THE PROBLEM: All the entries need to be quoted exactly, apart from the pictures, which you should drop.

EXERCISE DATA:
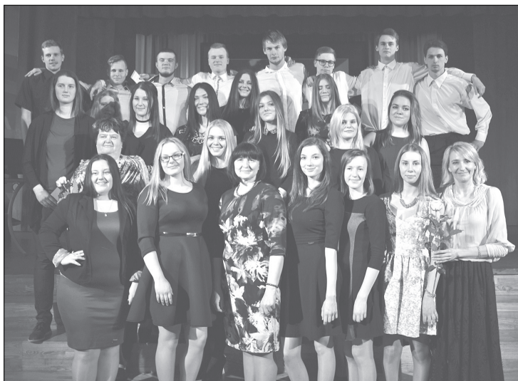
Vēl pavisam nedaudz un šie jaunieši kļūs par mūsu skolas absolventiem.
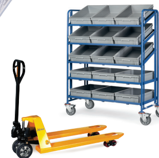
Gamme étendue de transpalettes et gerbeurs manuels ou électriques, de chariots, dessertes, diables, servantes, rolls, tables élévatrices et nacelles
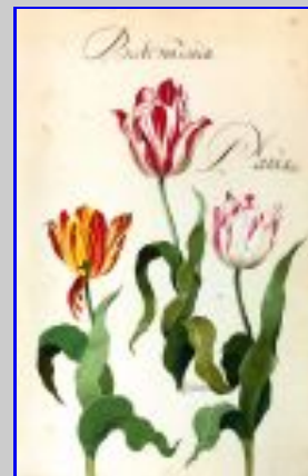
Fig. 1 Franciscus De Geest, Hortus Amoenissimus , copia facsimilare. Rappresentazione del Tulipano d'Oriente: il Semper Augustus
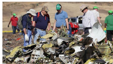
Team van experts aan het werk
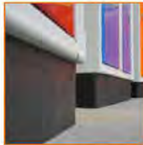
Zoccolo di base in plastica Plastic plinth Socle en polypropylène Sockel aus Polypropylen
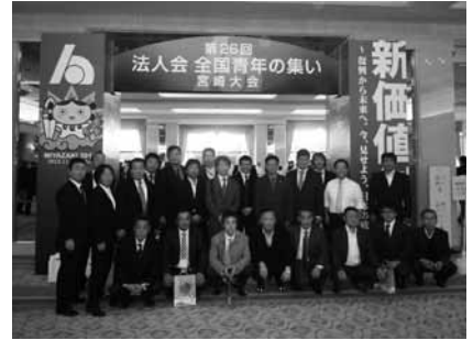
宮崎大会会場にて

☆古河駅周辺の清掃活動実施 十一月十二日(月)七時三〇分 より、第四回古河駅頭清掃ポ ランティア活動実施。
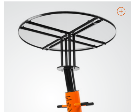
Dachelement sorgt für Schutz gegen Regen und Hagel.
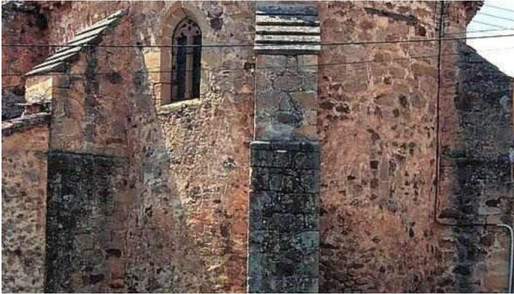
Iglesia de san juan bautista iglesia
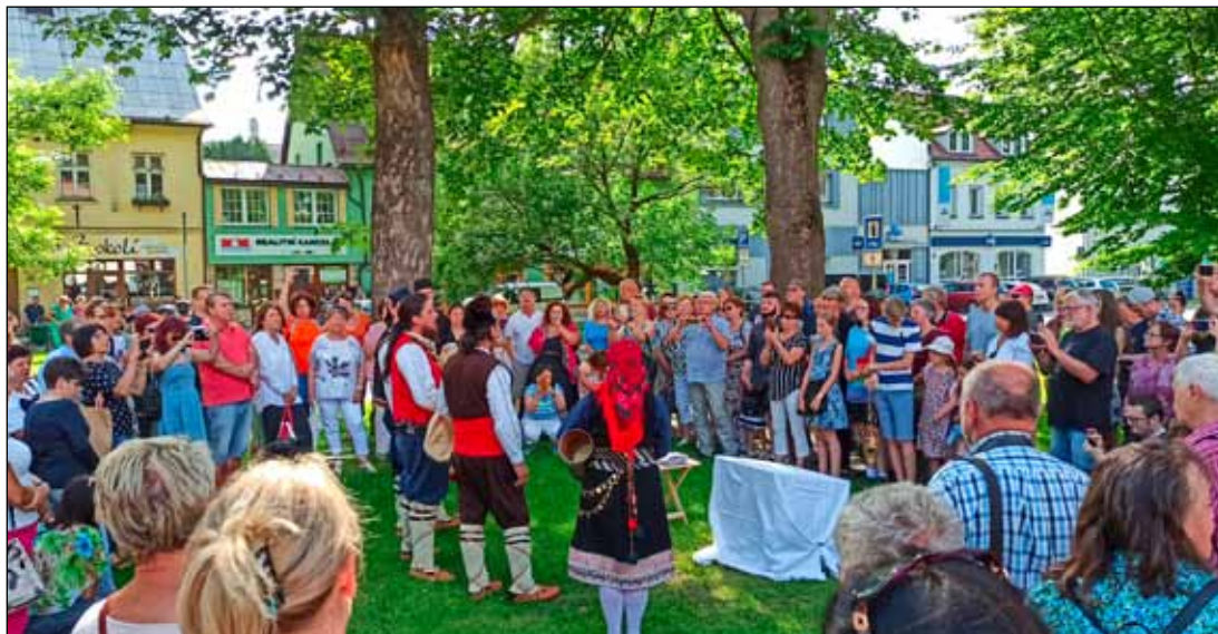
Slavnostnímu odhalení přihlížely desítky lidí, do Jeseníku přijeli Řekové z okolních měst a obcí.
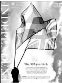
《独立报》将苏格兰与英国的关系称作“307年之痒”。
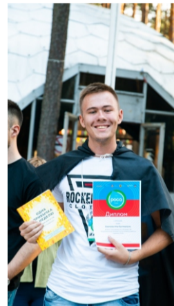
Студент ИЭФ в Международном образовательном лагере «Роса». Рязань, 2018 г.
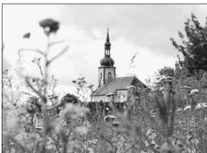
Wiese Dorfkirche

Universität Würzburg und Biodiversitätszentrum Rhön benötigen Rückmeldung Derzeit führen die Universität Würzburg und das Biodiversitätszentrum Rhön das Forschungsprojekt „Summende Dörfer“ unter Beteiligung der Öffentlichkeit durch. 20 Dörfer im Raum Main-Rhön wurden
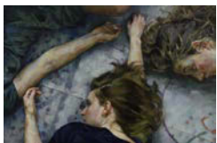
Crime Map , 2010 Huile sur Dibond 113 x 168 cm
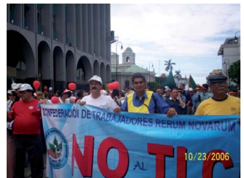
En el laberinto del Referéndum.-Costa Rica (Pág. 10)

Para triunfar cambiemos los métodos de lucha. 4 ¡Que Mel Zelaya nacionalice las generadoras! 5
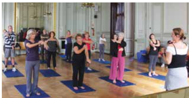
Dans le cadre de SENIORISSIMO, des ateliers de pilates ou de gym douce sont organisés à la Mairie du 6 e .
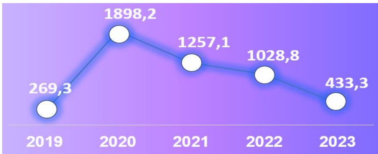
Рис. Суммарный размер задолженности по заработной плате за 2019-2023 годы (по состоянию на конец года), млн рублей

Снижение уровня бедности обеспечивается путем систематического увеличения минимального размера оплаты труда (в 2024 г. – 19 242 руб. в месяц) на уровне, превышающем величину прожиточного минимума трудоспособного населения (в 2023 г. – 15 669 руб.), что способствует росту благосостояния граждан и снижению уровня бедности.
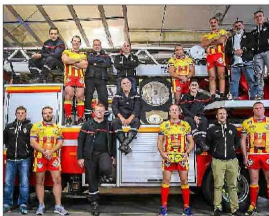
▶ La grande famille du XV s'est encore distinguée en 2018. La preuve avec l'association Rugby Pompiers Catalans qui, pour la seconde année consécutive a décroché le titre de champion de France.
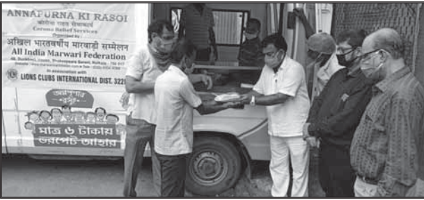
२२ सितम्बर २०२० को मारवाड़ी रिलीफ सोसायटी अस्पताल, बड़ाबाजार के समक्ष निःशुल्क भोजन वितरण
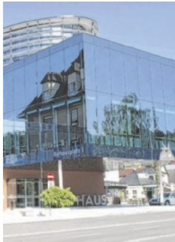
Nachhaltiges Haushaltsgleichgewicht in Laakirchen.
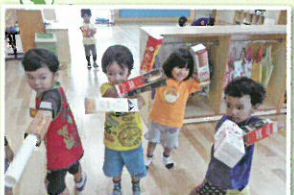
キューレンジャーごっこ
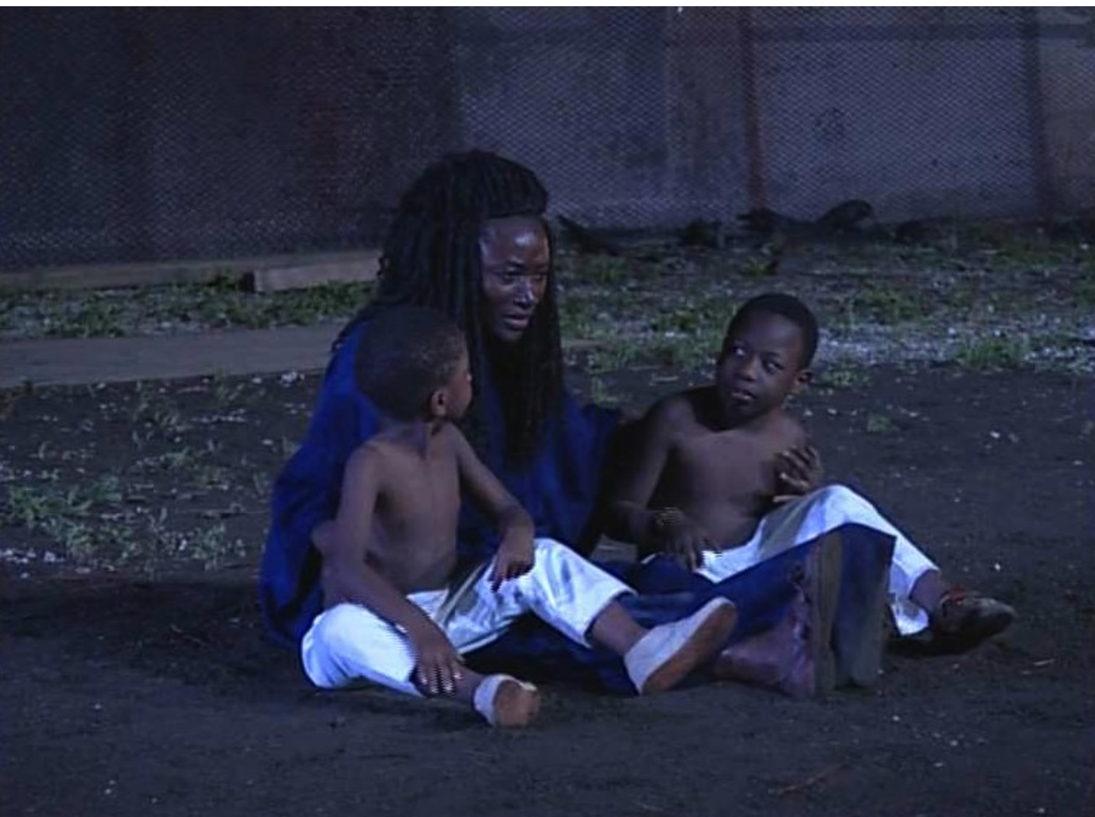
Médée de Max Rouquette : Médée et ses enfants

déracinée de son pays et qui vit douloureusement l'épreuve du déracinement. Cela donne une dimension tragique au drame de la princesse colchidienne.
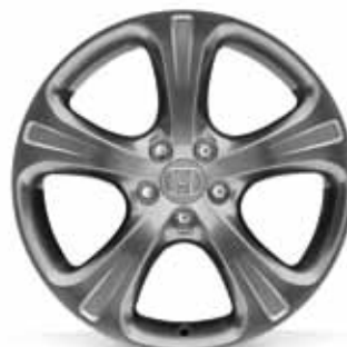
19" Opus aluminijumski točkovi 5-Spoke - Chrome Shadow nijansa
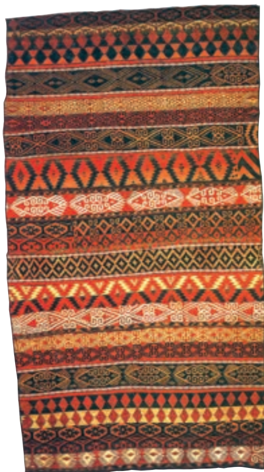
تصویر ۲۵-۳- ایجاد بافت متنوع با استفاده از نخ
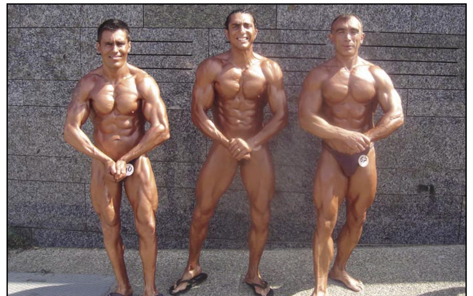
Els olesans al Campionat europeu
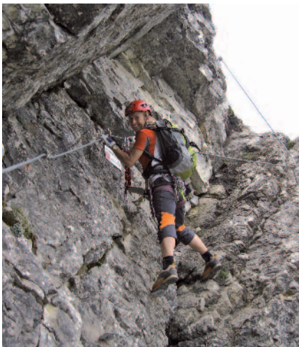
Teil 2 Salewa-Klettersteig ("Schusterplatte")
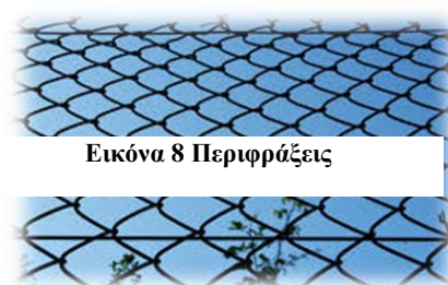
Εικόνα 8 Περιφράξεις

Η άποψη αυτή φαίνεται ορθολογική, εδραζόμενη στο λογικό επιχείρημα ότι η πρόσβαση στη θάλασσα εξασφαλίζεται εξ ίσου αποτελεσματικά με την πρόβλεψη της κατά διαστήματα διάνοιξης οδών στην περίφραξη, προκειμένου να είναι δυνατή η πρόσβαση στην ακτή.(Σιούτη, 2018)
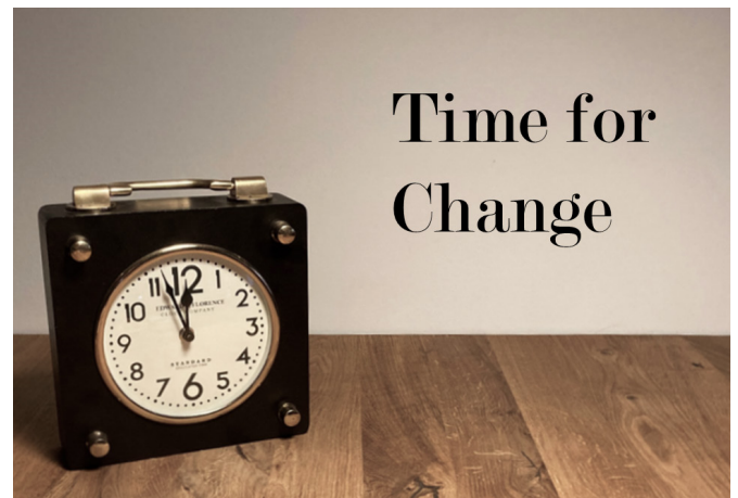
Abbildung: Anpassung an veränderte Arbeitsprozesse erfordert intentionales Vergessen

flusst. So hat beispielsweise die Arbeitsumgebung einen Einfluss auf die Arbeitsleistung (z.B. Jayaweera, 2015; Kahya, 2007), aber auch die Gewissenhaftigkeit als Persönlichkeitsfaktor hängt mit der Leistung am Arbeitsplatz zusammen (Barrick & Mount, 1991). Besonders gut zur Vorhersage der Arbeitsleistung eignen sich die kognitiven Fähigkeiten einer Person (Schmidt & Hunter, 2004). Es konnte gezeigt werden, dass kognitive Fähigkeiten die Arbeitsleistung valide vorhersagen (z. B. Hülsheger et al., 2007; Schmidt & Hunter, 2004). Neben der allgemeinen Intelligenz sind allerdings auch spezifische kognitive Fähigkeiten wie z.B. verbale oder räumliche Fähigkeiten von Bedeutung (Kell & Lang, 2017).

TASK ANSWER:
Vēl pavisam nedaudz un šie jaunieši kļūs par mūsu skolas absolventiem.
Gamme étendue de transpalettes et gerbeurs manuels ou électriques, de chariots, dessertes, diables, servantes, rolls, tables élévatrices et nacelles
Fig. 1 Franciscus De Geest, Hortus Amoenissimus , copia facsimilare. Rappresentazione del Tulipano d'Oriente: il Semper Augustus
Team van experts aan het werk
Zoccolo di base in plastica Plastic plinth Socle en polypropylène Sockel aus Polypropylen
宮崎大会会場にて

☆古河駅周辺の清掃活動実施 十一月十二日(月)七時三〇分 より、第四回古河駅頭清掃ポ ランティア活動実施。
Dachelement sorgt für Schutz gegen Regen und Hagel.
Iglesia de san juan bautista iglesia
Slavnostnímu odhalení přihlížely desítky lidí, do Jeseníku přijeli Řekové z okolních měst a obcí.
《独立报》将苏格兰与英国的关系称作“307年之痒”。
Студент ИЭФ в Международном образовательном лагере «Роса». Рязань, 2018 г.
Wiese Dorfkirche

Universität Würzburg und Biodiversitätszentrum Rhön benötigen Rückmeldung Derzeit führen die Universität Würzburg und das Biodiversitätszentrum Rhön das Forschungsprojekt „Summende Dörfer“ unter Beteiligung der Öffentlichkeit durch. 20 Dörfer im Raum Main-Rhön wurden
Crime Map , 2010 Huile sur Dibond 113 x 168 cm
En el laberinto del Referéndum.-Costa Rica (Pág. 10)

Para triunfar cambiemos los métodos de lucha. 4 ¡Que Mel Zelaya nacionalice las generadoras! 5
Dans le cadre de SENIORISSIMO, des ateliers de pilates ou de gym douce sont organisés à la Mairie du 6 e .
Рис. Суммарный размер задолженности по заработной плате за 2019-2023 годы (по состоянию на конец года), млн рублей

Снижение уровня бедности обеспечивается путем систематического увеличения минимального размера оплаты труда (в 2024 г. – 19 242 руб. в месяц) на уровне, превышающем величину прожиточного минимума трудоспособного населения (в 2023 г. – 15 669 руб.), что способствует росту благосостояния граждан и снижению уровня бедности.
▶ La grande famille du XV s'est encore distinguée en 2018. La preuve avec l'association Rugby Pompiers Catalans qui, pour la seconde année consécutive a décroché le titre de champion de France.
२२ सितम्बर २०२० को मारवाड़ी रिलीफ सोसायटी अस्पताल, बड़ाबाजार के समक्ष निःशुल्क भोजन वितरण
Nachhaltiges Haushaltsgleichgewicht in Laakirchen.
キューレンジャーごっこ
Médée de Max Rouquette : Médée et ses enfants

déracinée de son pays et qui vit douloureusement l'épreuve du déracinement. Cela donne une dimension tragique au drame de la princesse colchidienne.
19" Opus aluminijumski točkovi 5-Spoke - Chrome Shadow nijansa
تصویر ۲۵-۳- ایجاد بافت متنوع با استفاده از نخ
Els olesans al Campionat europeu
Teil 2 Salewa-Klettersteig ("Schusterplatte")
Εικόνα 8 Περιφράξεις

Η άποψη αυτή φαίνεται ορθολογική, εδραζόμενη στο λογικό επιχείρημα ότι η πρόσβαση στη θάλασσα εξασφαλίζεται εξ ίσου αποτελεσματικά με την πρόβλεψη της κατά διαστήματα διάνοιξης οδών στην περίφραξη, προκειμένου να είναι δυνατή η πρόσβαση στην ακτή.(Σιούτη, 2018)
Abbildung: Anpassung an veränderte Arbeitsprozesse erfordert intentionales Vergessen

flusst. So hat beispielsweise die Arbeitsumgebung einen Einfluss auf die Arbeitsleistung (z.B. Jayaweera, 2015; Kahya, 2007), aber auch die Gewissenhaftigkeit als Persönlichkeitsfaktor hängt mit der Leistung am Arbeitsplatz zusammen (Barrick & Mount, 1991). Besonders gut zur Vorhersage der Arbeitsleistung eignen sich die kognitiven Fähigkeiten einer Person (Schmidt & Hunter, 2004). Es konnte gezeigt werden, dass kognitive Fähigkeiten die Arbeitsleistung valide vorhersagen (z. B. Hülsheger et al., 2007; Schmidt & Hunter, 2004). Neben der allgemeinen Intelligenz sind allerdings auch spezifische kognitive Fähigkeiten wie z.B. verbale oder räumliche Fähigkeiten von Bedeutung (Kell & Lang, 2017).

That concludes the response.